Doug is a corn and bean farmer who pays his bills by doing professional upscale woodworking. We are talking high buck elegant stuff. He has his own machine shop to make and repair his vintage wood working equipment. Evidently, Doug hosts this party every year. Historically, it was for woodworkers who would travel from several states to converge on his humble farm. He enjoyed everyones company at the Dayton "Summer Gathering" so much that he is hoping that some of you will travel North to his place. If anyone wants to meet at my place we can car pool from here. 

Plan is to vacate to the local restaurant for lunch. 

Doug has asked that you PM me for his contact information and address. He is also hoping for an estimated head count so he can have enough coffee on hand. 

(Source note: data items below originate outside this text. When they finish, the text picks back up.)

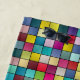 Colourful mosaic with small squares in a seamless geometric pattern.
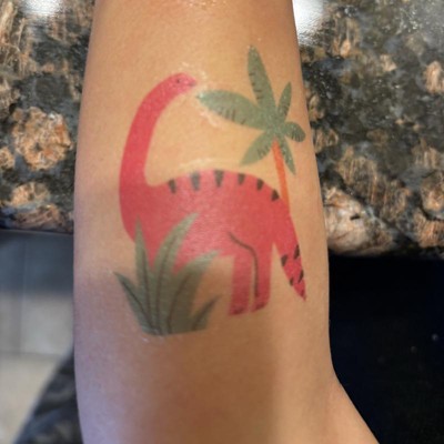 A: The tattoos feature themes like dinosaurs, cake, pizza, and more.
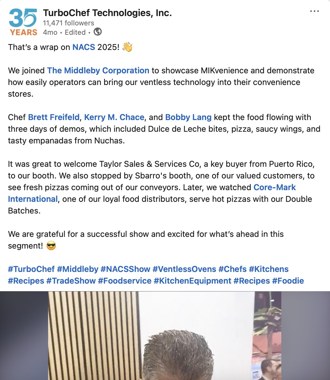 I led content creation for TurboChef and CookTek, capturing everything from photo and video to on-the-fly moments, then shaping and posting content to keep both brands engaged and growing.

I also look forward to seeing everyone again....

Daryl
MN


----------



## middle.road (Oct 26, 2015)

Oh man that would be cool to see his equipment. would love to picts of that shop... 
Shame it's a tad too far for us though.


----------



## wlburton (Oct 28, 2015)

I would love to go but I already have family plans for that weekend.  Maybe another time!

Bill


----------



## Terrywerm (Oct 29, 2015)

I am open that day, and since I missed the get together at your place, Daryl, I may just have to make an extra effort to get up to Milaca. I have not met Doug, but he sounds like an interesting individual. I will be in touch with you for details as the weekend draws closer.


----------



## Dave Smith (Nov 1, 2015)

Daryl---I am checking to see if I have anything else planned---it does sound very interesting to see his shop and if others are going maybe I can hitch a ride from their place--I will keep tabs on these posts and will try to come----Dave


----------



## Terrywerm (Nov 17, 2015)

Things have changed on my end, and my wife's sister and her husband will be here for Thanksgiving weekend along with my mother in law. So, I will not be able to make it up there.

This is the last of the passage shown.